Nedbank's Timothy Irvine said the buoyant local economy and demand by investors and owner occupiers for properties in the commercial, retail and industrial sectors had resulted in continuing downward movement of capitalisation rates. "This is still giving confidence to the property market as an asset."
Irvine said the Cape Town CBD and Waterfront played key roles in driving commercial development in 2005.
He said in 2005 the CBD experienced an increase in new developments and major refurbishments of older buildings – mainly conversions of old office buildings into upmarket residential apartments.
"We foresee this trend easing off in 2006, and with the vacancy factor dropping from 10% to 4.3% in the office market, we expect increased demand for A and B grade office space."
Irvine reckoned the buoyant Cape economy would push rentals to higher levels, challenging developers to source suitably zoned land for feasible developments in the CBD.
Turning to the Waterfront, Irvine said that taking cognizance of the recent uptake of office space in 'this world class facility node' in 2005 the demand for office space would become stronger. But he warned that the uptake would be underwritten by higher rental achievements that would stimulate the feasibility of new developments.
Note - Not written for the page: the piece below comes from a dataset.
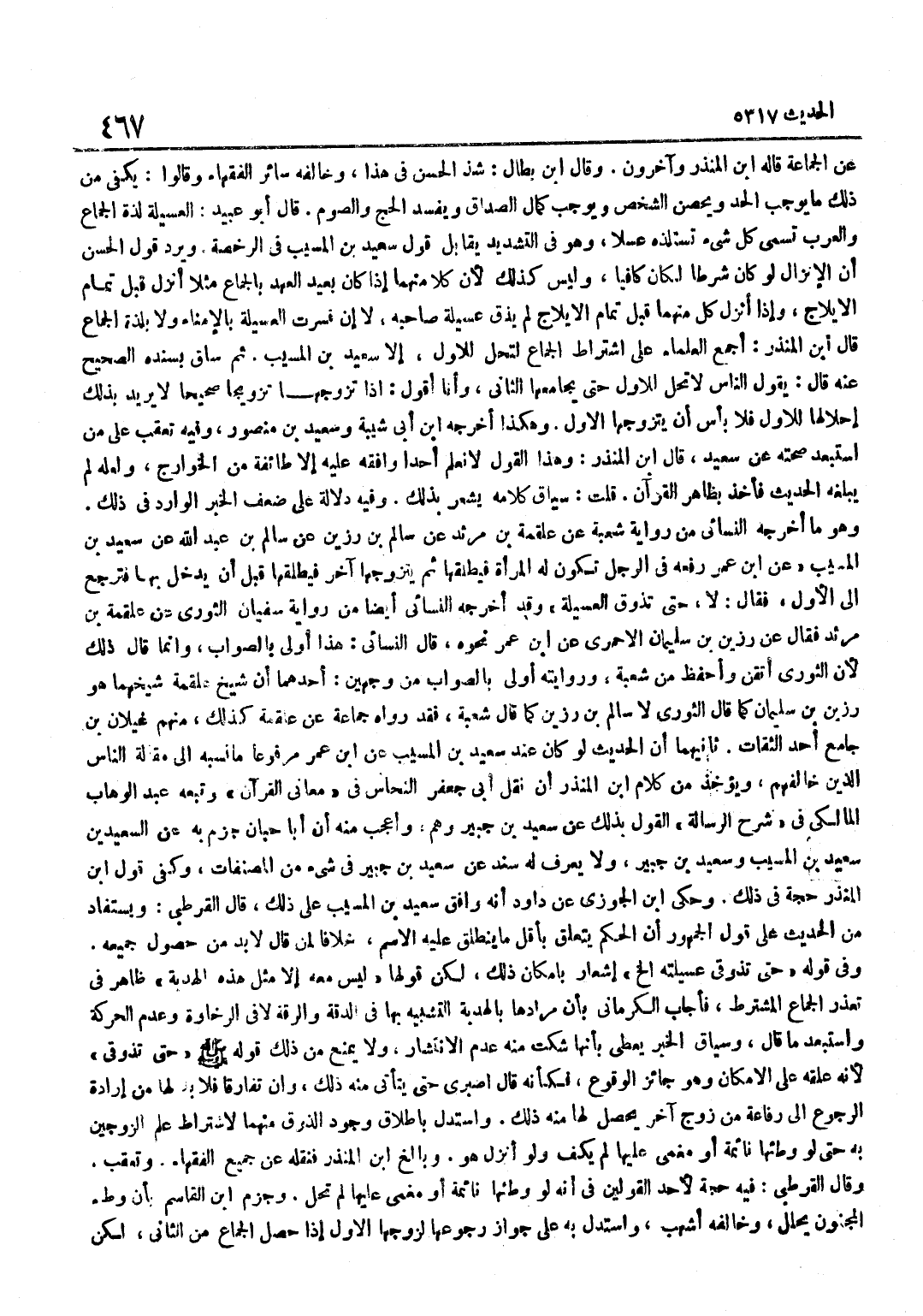 عَن الْجَمَاعَة قَالَه بن الْمُنْذر وَآخَرُونَ وَقَالَ بن بَطَّالٍ شَذَّ الْحَسَنُ فِي هَذَا وَخَالَفَهُ سَائِرُ الْفُقَهَاءِ وَقَالُوا يَكْفِي مِنْ ذَلِكَ مَا يُوجِبُ الْحَدَّ وَيُحْصِنُ الشَّخْصَ وَيُوجِبُ كَمَالَ الصَّدَاقِ وَيُفْسِدُ الْحَجَّ وَالصَّوْمِ قَالَ أَبُو عُبَيْدٍ الْعُسَيْلَةُ لَذَّةُ الْجِمَاعِ وَالْعَرَبُ تُسَمِّي كُلَّ شَيْءٍ تَسْتَلِذُّهُ عَسَلًا وَهُوَ فِي التَّشْدِيدِ يُقَابِلُ قَوْلَ سَعِيدِ بْنِ الْمُسَيَّبِ فِي الرُّخْصَةِ وَيَرُدُّ قَوْلَ الْحَسَنِ أَنَّ الْإِنْزَالَ لَوْ كَانَ شَرْطًا لَكَانَ كَافِيًا وَلَيْسَ كَذَلِكَ لِأَنَّ كُلًّا مِنْهُمَا إِذَا كَانَ بَعِيدَ الْعَهْدِ بِالْجِمَاعِ مَثَلًا أَنْزَلَ قَبْلَ تَمَامِ الْإِيلَاجِ وَإِذَا أَنْزَلَ كُلٌّ مِنْهُمَا قَبْلَ تَمَامِ الْإِيلَاجِ لَمْ يَذُقْ عُسَيْلَةَ صَاحِبِهِ لَا إِنْ فُسِّرَتِ الْعسيلَة بالامناء وَلَا بلذة الْجِمَاع قَالَ بن الْمُنْذِرِ أَجْمَعَ الْعُلَمَاءُ عَلَى اشْتِرَاطِ الْجِمَاعِ لِتَحِلَّ لِلْأَوَّلِ إِلَّا سَعِيدَ بْنَ الْمُسَيَّبِ ثُمَّ سَاقَ بِسَنَدِهِ الصَّحِيحِ عَنْهُ قَالَ يَقُولُ النَّاسُ لَا تَحِلُّ لِلْأَوَّلِ حَتَّى يُجَامِعَهَا الثَّانِي وَأَنَا أَقُولُ إِذَا تَزَوَّجَهَا تَزْوِيجًا صَحِيحًا لَا يُرِيدُ بِذَلِكَ إِحْلَالَهَا لِلْأَوَّلِ فَلَا بَأْسَ أَنْ يَتَزَوَّجَهَا الْأَوَّلُ وَهَكَذَا أخرجه بن أَبِي شَيْبَةَ وَسَعِيدُ بْنُ مَنْصُورٍ وَفِيهِ تَعَقُّبٌ عَلَى مَنِ اسْتَبْعَدَ صِحَّتَهُ عَنْ سَعِيدٍ قَالَ بن الْمُنْذِرِ وَهَذَا الْقَوْلُ لَا نَعْلَمُ أَحَدًا وَافَقَهُ عَلَيْهِ إِلَّا طَائِفَةً مِنَ الْخَوَارِجِ وَلَعَلَّهُ لَمْ يَبْلُغْهُ الْحَدِيثَ فَأَخَذَ بِظَاهِرِ الْقُرْآنِ قُلْتُ سِيَاقُ كَلَامِهِ يُشْعِرُ بِذَلِكَ وَفِيهِ دَلَالَةٌ عَلَى ضَعْفِ الْخَبَر الْوَارِد فِي ذَلِك وَهُوَ ماأخرجه النَّسَائِيُّ مِنْ رِوَايَةِ شُعْبَةَ عَنْ عَلْقَمَةَ بْنِ مَرْثَدٍ عَنْ سَالِمِ بْنِ رَزِينٍ عَنْ سَالِمِ بْنِ عَبْدِ اللَّهِ عَنْ سَعِيدِ بْنِ الْمُسَيَّبِ عَن بن عُمَرَ رَفَعَهُ فِي الرَّجُلِ تَكُونُ لَهُ الْمَرْأَةُ فَيُطَلِّقُهَا ثُمَّ يَتَزَوَّجُهَا آخَرُ فَيُطَلِّقُهَا قَبْلَ أَنْ يَدْخُلَ بِهَا فَتَرْجِعُ إِلَى الْأَوَّلِ فَقَالَ لَا حَتَّى تَذُوقَ الْعُسَيْلَةَ وَقَدْ أَخْرَجَهُ النَّسَائِيُّ أَيْضًا مِنْ رِوَايَةِ سُفْيَانَ الثَّوْرِيِّ عَنْ عَلْقَمَةَ بْنِ مَرْثَدٍ فَقَالَ عَنْ رَزِينِ بْنِ سُلَيْمَانَ الْأَحْمَرِيِّ عَن بن عُمَرَ نَحْوُهُ قَالَ النَّسَائِيُّ هَذَا أَوْلَى بِالصَّوَابِ وَإِنَّمَا قَالَ ذَلِكَ لِأَنَّ الثَّوْرِيَّ أَتْقَنُ وَأَحْفَظُ مِنْ شُعْبَةَ وَرِوَايَتُهُ أَوْلَى بِالصَّوَابِ مِنْ وَجْهَيْنِ أَحَدُهُمَا أَنَّ شَيْخَ عَلْقَمَةَ شَيْخُهُمَا هُوَ رَزِينُ بْنُ سُلَيْمَانَ كَمَا قَالَ الثَّوْرِيُّ لَا سَالِمُ بْنُ رَزِينٍ كَمَا قَالَ شُعْبَةُ فَقَدْ رَوَاهُ جَمَاعَةٌ عَنْ عَلْقَمَةَ كَذَلِكَ مِنْهُمْ غَيْلَانُ بْنُ جَامِعٍ أَحَدُ الثِّقَاتِ ثَانِيهُمَا أَنَّ الْحَدِيثَ لَوْ كَانَ عِنْد سعيد بن الْمسيب عَن بن عُمَرَ مَرْفُوعًا مَا نَسَبَهُ إِلَى مَقَالَةِ النَّاسِ الَّذين خالفهم وَيُؤْخَذ من كَلَام بن الْمُنْذِرِ أَنَّ نَقْلَ أَبِي جَعْفَرٍ النَّحَّاسِ فِي مَعَانِي الْقُرْآنِ وَتَبِعَهُ عَبْدُ الْوَهَّابِ الْمَالِكِيُّ فِي شَرْحِ الرِّسَالَةِ الْقَوْلَ بِذَلِكَ عَنْ سَعِيدِ بْنِ جُبَيْرٍ وَهْمٌ وَأَعْجَبُ مِنْهُ أَنَّ أَبَا حِبَّانَ جزم بِهِ عَن السعيدين سَعِيدِ بْنِ الْمُسَيَّبِ وَسَعِيدِ بْنِ جُبَيْرٍ وَلَا يُعْرَفُ لَهُ سَنَدٌ عَنْ سَعِيدِ بْنِ جُبَيْرٍ فِي شَيْء من المصنفات وَكفى قَول بن الْمُنْذر حجَّة فِي ذَل

Irvine said the view for the Northern suburbs had changed for the better too.
He disclosed that property owners of A grade office space in Century City had seen vacancy levels drop from 13% to 1.5% in the past year. "This again underlines confidence in Cape Town's northern nodes, and we expect further growth within this commercial sector."
On the industrial front, Nedbank noted that the Cape market over the past year had witnessed rapid growth driven by strong demand for industrial space by owner occupiers and investors alike.
Irvine said major areas of growth for 2006 would include: Airport Industria, Montague Gardens, Killarney Gardens, Brackenfell, Maitland, Paarden Eiland, Parow Industria, Westlake, Capricorn Park and Somerset West.
"We have seen the value of vacant land more than double in a year in some of these areas."
Obviously the retail sector of the Cape property market surged ahead in 2005 as well (see separate story on Canal Walk in this issue).
Irvine listed successive personal tax reductions, the benefits of low inflation and low interest rates, real wage growth as well as increased spending by the black middle class as the main drivers of the retail property sector in Cape Town.
He said the Western Cape had over the past two years seen a rapid growth in shopping centres in nodes of urbanisation of all income levels.
"We have financed many of these new centres, be it of regional, community, neighbourhood and convenience type centres…there are very keen capitalization rates obtained for these centres when sold."
At residential level, Nedbank said 2005 was a year of incredible development activity. Irvine said the main challenges were securing appropriately zoned land with the necessary development rights and the rising costs of construction (increases in excess of 25% year on year).
Nedbank's development loan book into the residential sector increased by more than 60% in 2005 (see accompanying story on Nedbank Corporate Property Finance).
"For 2006 we still see significant activity, but at the lower end of the residential market. We see the sales rate normalising, and fewer 'sell-outs' on launch."